Action item. Once you have found the line with "3 . Выложить" in the records below, retype it and every line after it to the end exactly, with no pictures and nothing more.

Provided entries.
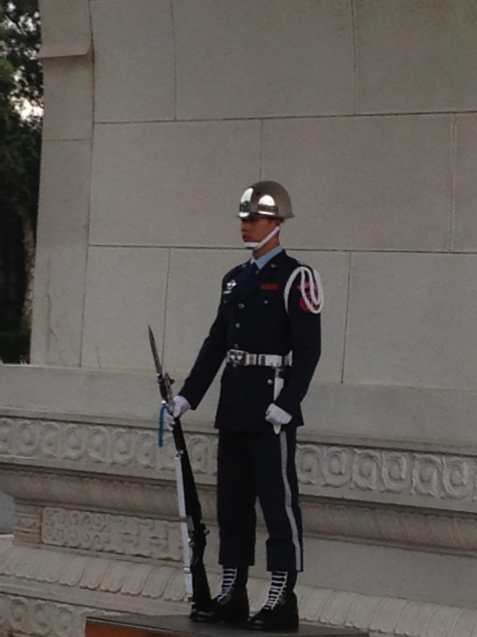 ガイドさんの話しでは、門の2階部分に衛兵さんの休憩所があり、時間になると休憩所から7名交代要員が出てくるそうです。
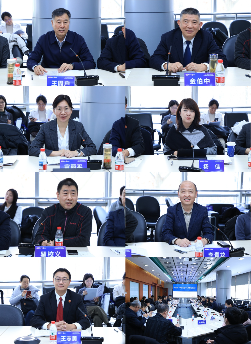 王周户主持,金伯中、寇丽平、杨佳、翟校义、李青龙、王志勇作主题报告(按发言顺序从上到下、从左到右排列)
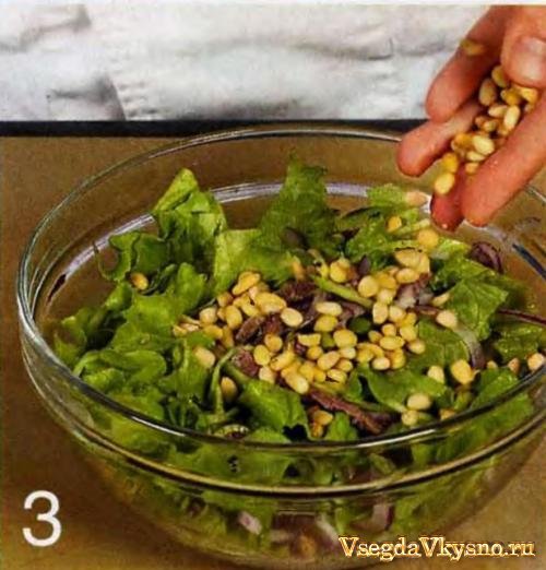 3 . Выложить салат в миску, сверху посыпать кедровыми орешками.
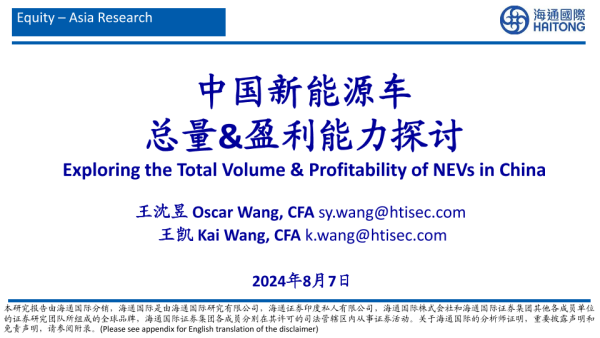 【海通国际】【20240807】中国新能源车总量&盈利能力探讨-54页
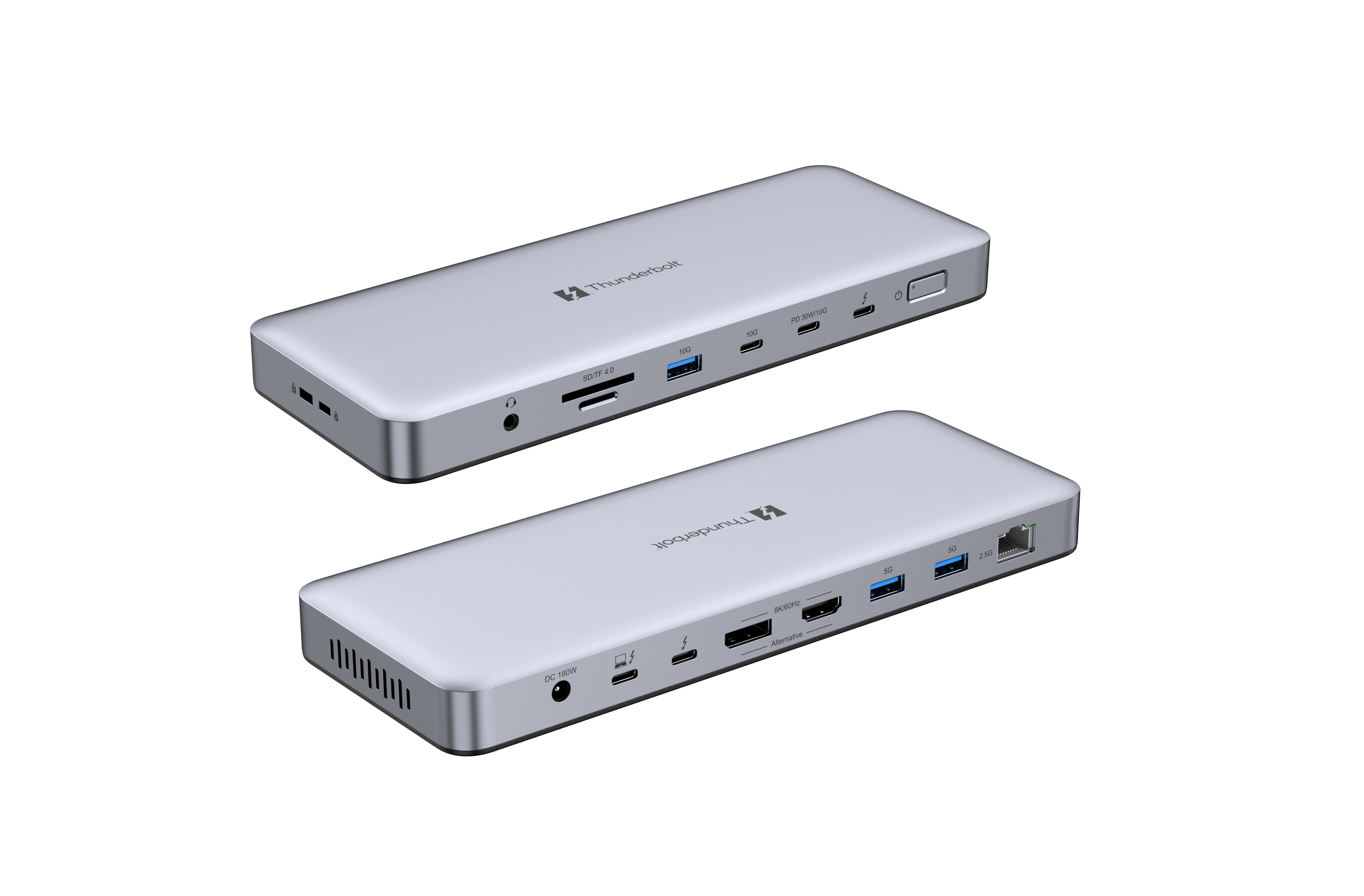 USB-C 10G x2(one supports PD 30W output),USB-A 10G x1,USB-A 5G x2,SD/TF 4.0 x1(312MBps),RJ45 x1(2.5G),3.5mm Audio Jack x1(384KHz),DC Power Jack x1(180W)

Solution to this problem.
 3 . Выложить салат в миску, сверху посыпать кедровыми орешками.
 【海通国际】【20240807】中国新能源车总量&盈利能力探讨-54页
 USB-C 10G x2(one supports PD 30W output),USB-A 10G x1,USB-A 5G x2,SD/TF 4.0 x1(312MBps),RJ45 x1(2.5G),3.5mm Audio Jack x1(384KHz),DC Power Jack x1(180W)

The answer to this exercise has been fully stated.